What you have to do: Look below for the line with "3 Vintage 1970s-80s" and the line with "Navy and Orange Rounded Square Stud Earrings"; repeat exactly those two lines and all lines between them, but no pictures.

Extracted records:

____

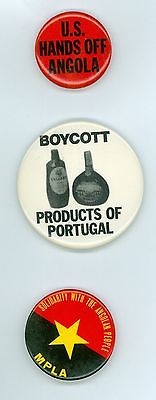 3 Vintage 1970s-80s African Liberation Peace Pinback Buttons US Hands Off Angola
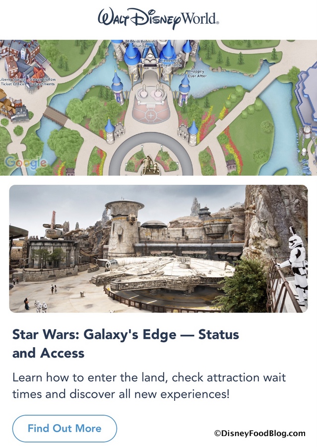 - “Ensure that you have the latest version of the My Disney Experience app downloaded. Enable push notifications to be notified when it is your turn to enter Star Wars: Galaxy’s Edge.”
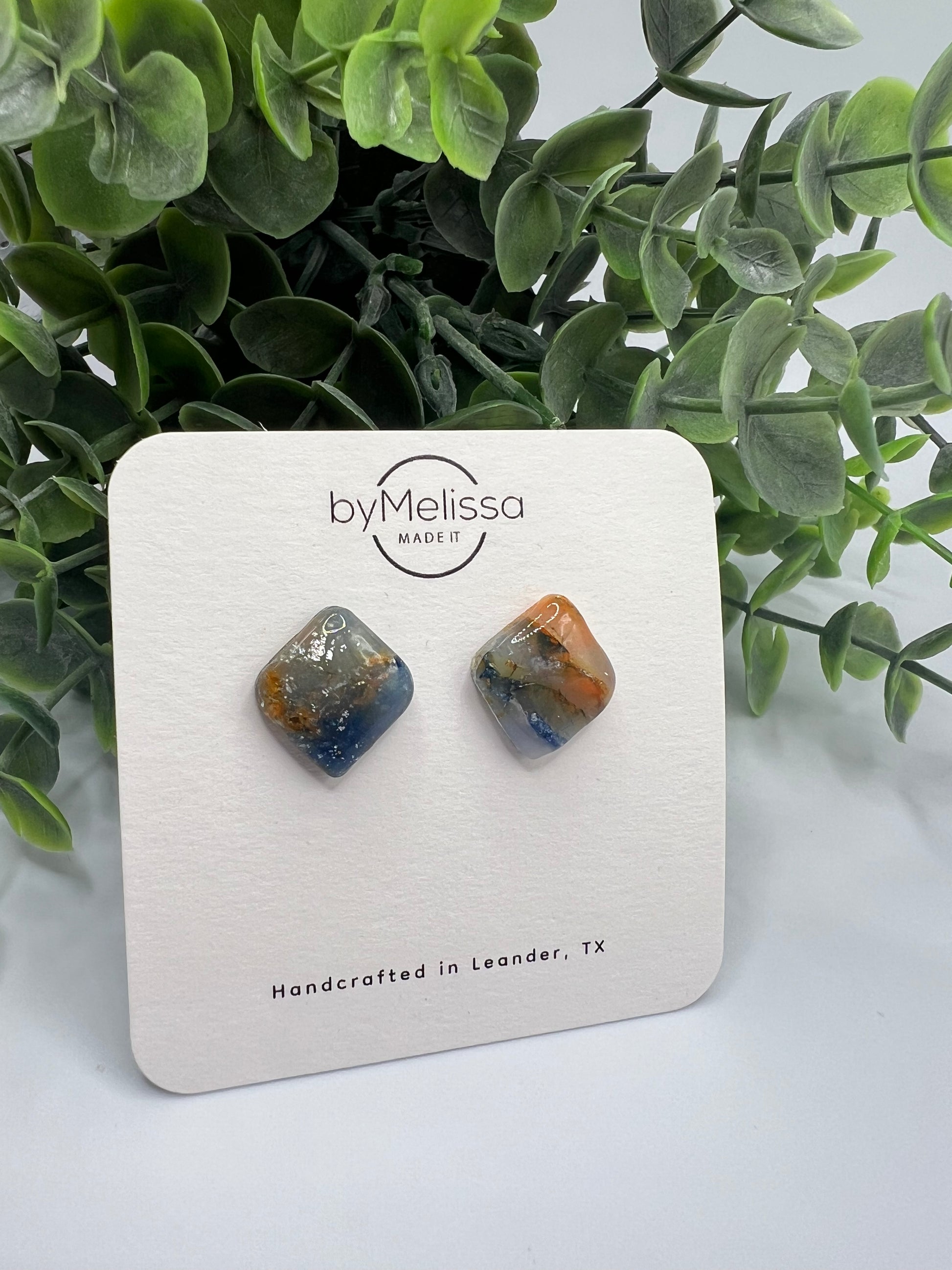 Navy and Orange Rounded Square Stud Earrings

____

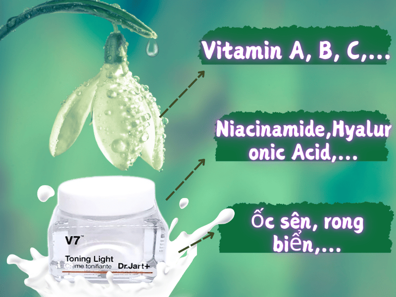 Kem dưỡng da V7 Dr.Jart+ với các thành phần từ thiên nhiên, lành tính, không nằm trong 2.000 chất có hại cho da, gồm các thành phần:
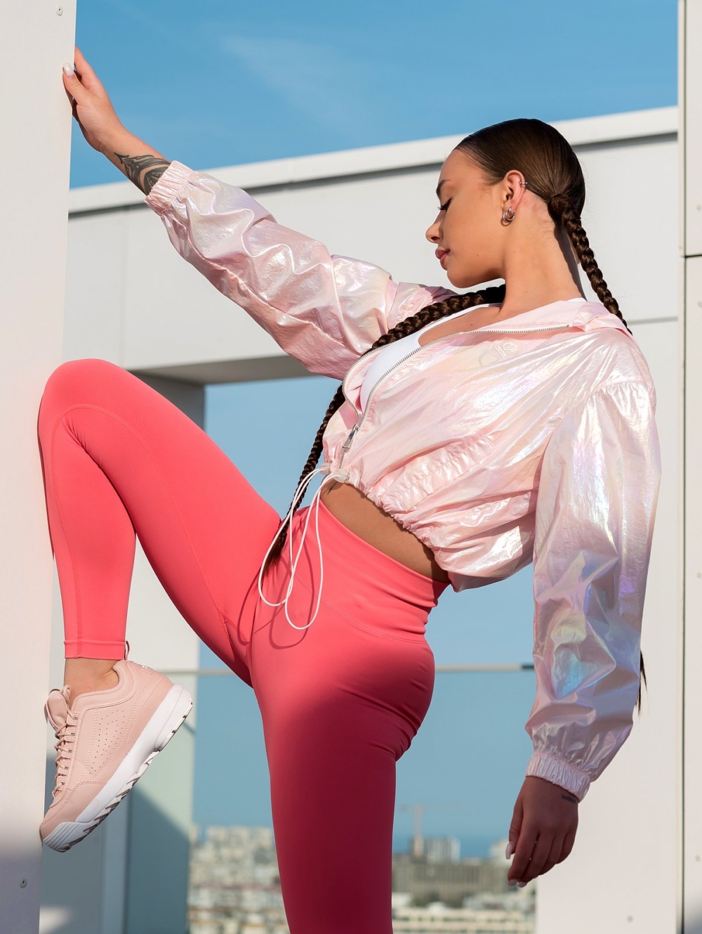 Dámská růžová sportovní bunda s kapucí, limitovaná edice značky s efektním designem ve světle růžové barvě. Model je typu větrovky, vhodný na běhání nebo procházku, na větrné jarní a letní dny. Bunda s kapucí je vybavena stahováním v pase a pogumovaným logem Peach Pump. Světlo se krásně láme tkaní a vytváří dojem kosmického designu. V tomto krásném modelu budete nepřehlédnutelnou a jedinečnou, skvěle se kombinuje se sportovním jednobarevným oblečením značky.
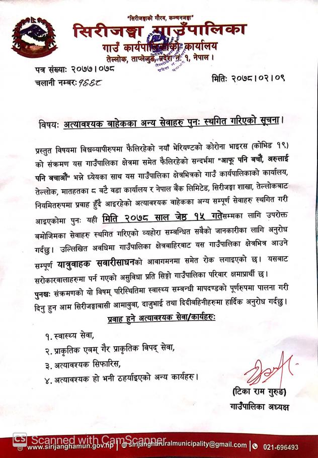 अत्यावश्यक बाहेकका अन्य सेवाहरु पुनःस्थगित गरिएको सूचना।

____

Written response:
 3 Vintage 1970s-80s African Liberation Peace Pinback Buttons US Hands Off Angola
 - “Ensure that you have the latest version of the My Disney Experience app downloaded. Enable push notifications to be notified when it is your turn to enter Star Wars: Galaxy’s Edge.”
 Navy and Orange Rounded Square Stud Earrings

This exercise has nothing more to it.